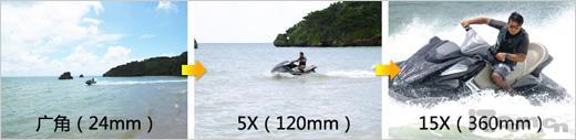 24mm广角效果;一般5倍光变相机效果;15倍光变可以让拍摄主体更大
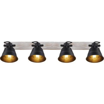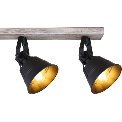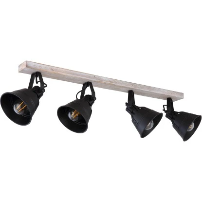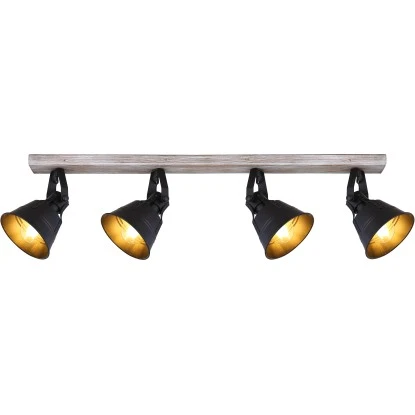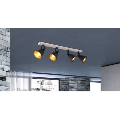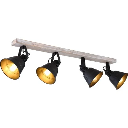 Der Deckenstrahler Günther zeichnet sich durch sein angesagtes Vintage-Design aus. Die vier metallischen schwenkbaren Schirme sind an einem länglichen Arm aus Holzoptik befestigt. Diese bestehen aus schwarzem Metall. Die goldenen Innenschirme sorgen für das richtige Licht unabhängig davon, für welches Leuchtmittel Sie sich entscheiden (4 x E27 / max.: 60 W). Mit weiteren Modellen dieser Serie können Sie das Bild in Ihrem Bereich komplettieren.
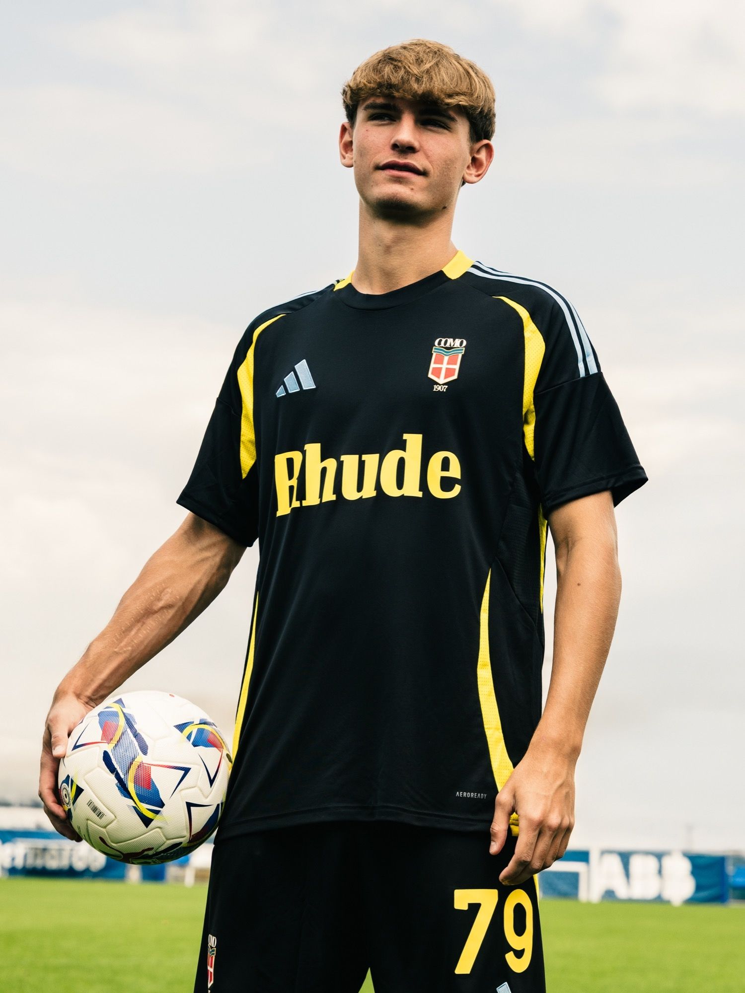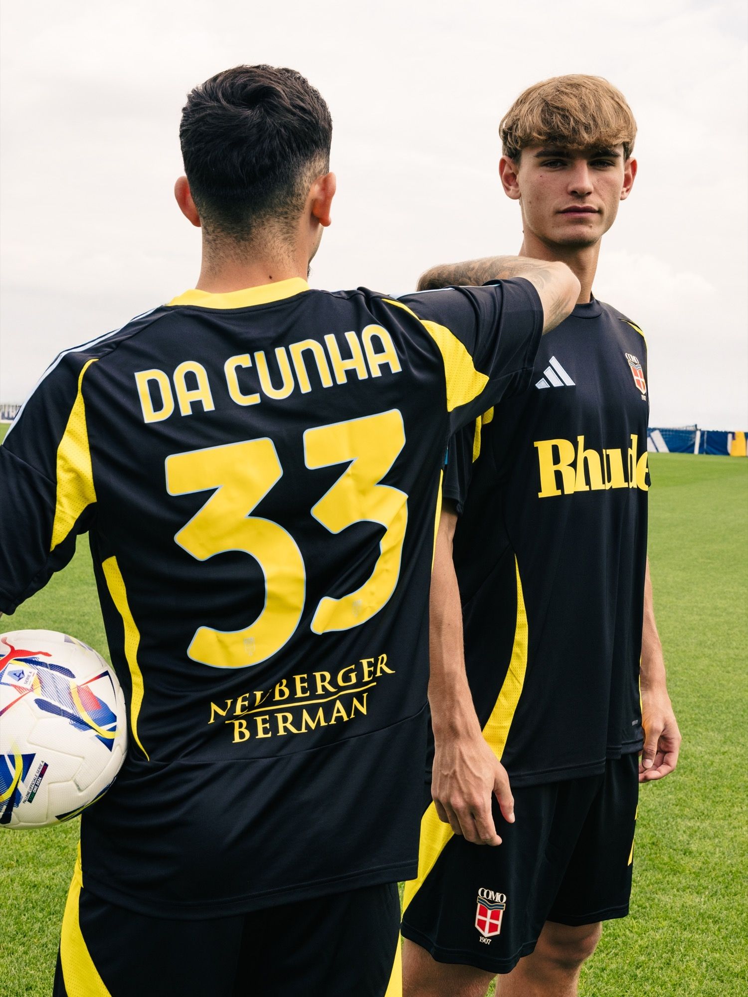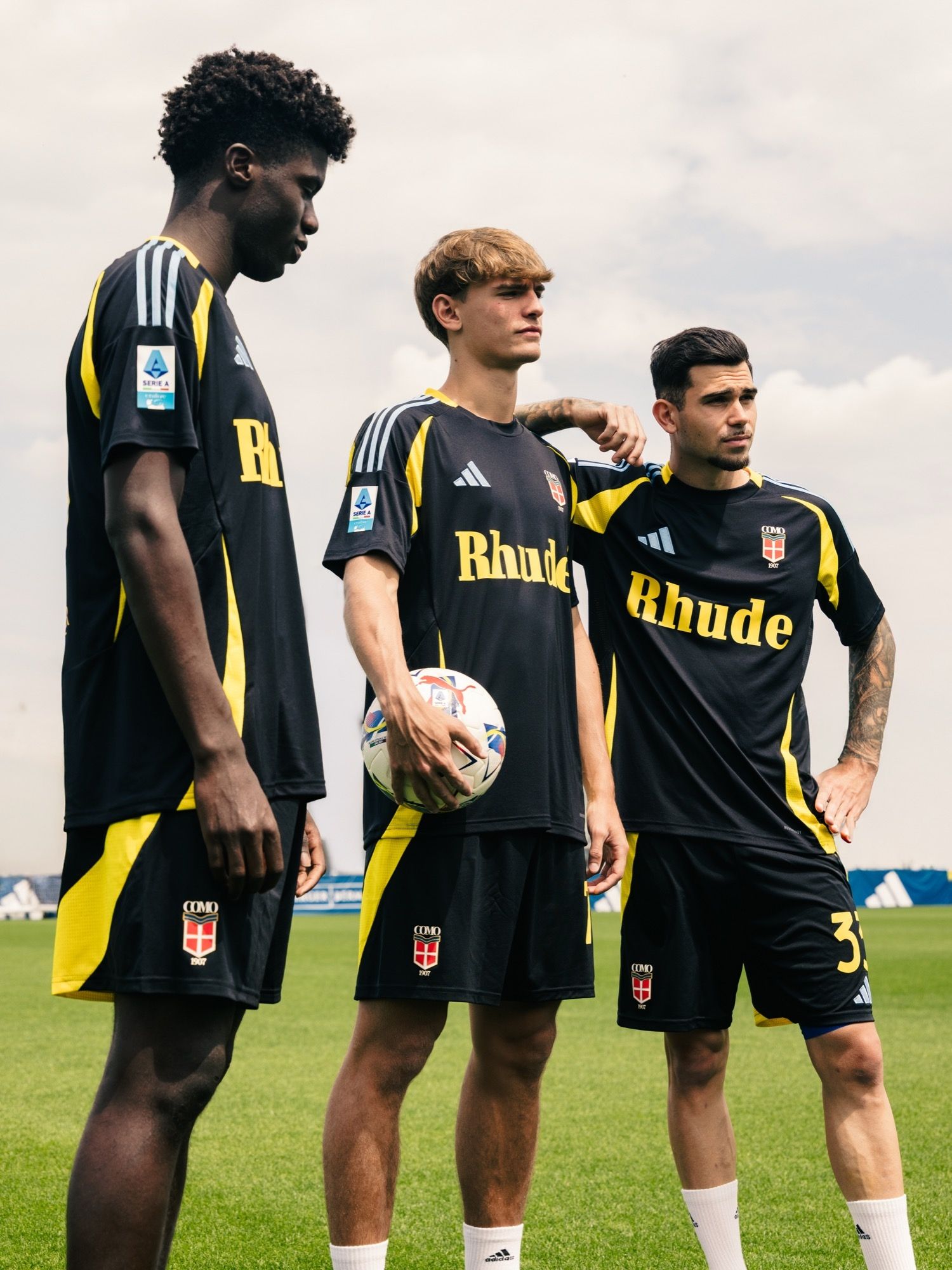 The jersey debuts today, in the final match of the 2024/25 season against Inter. Made in black with gold detailing, it features RHUDE branding. On the front, the RHUDE monogram appears below the Como crest and the adidas logo. On the back, the number 24 beneath the word COMO celebrates the club’s return to Serie A. At the bottom, a bold statement: LAKE COMO – LOS ANGELES.

- **Task prompt**: Print the listing exactly, minus any pictures.

- **Output for this exercise**:
 24mm广角效果;一般5倍光变相机效果;15倍光变可以让拍摄主体更大
 Der Deckenstrahler Günther zeichnet sich durch sein angesagtes Vintage-Design aus. Die vier metallischen schwenkbaren Schirme sind an einem länglichen Arm aus Holzoptik befestigt. Diese bestehen aus schwarzem Metall. Die goldenen Innenschirme sorgen für das richtige Licht unabhängig davon, für welches Leuchtmittel Sie sich entscheiden (4 x E27 / max.: 60 W). Mit weiteren Modellen dieser Serie können Sie das Bild in Ihrem Bereich komplettieren.
 The jersey debuts today, in the final match of the 2024/25 season against Inter. Made in black with gold detailing, it features RHUDE branding. On the front, the RHUDE monogram appears below the Como crest and the adidas logo. On the back, the number 24 beneath the word COMO celebrates the club’s return to Serie A. At the bottom, a bold statement: LAKE COMO – LOS ANGELES.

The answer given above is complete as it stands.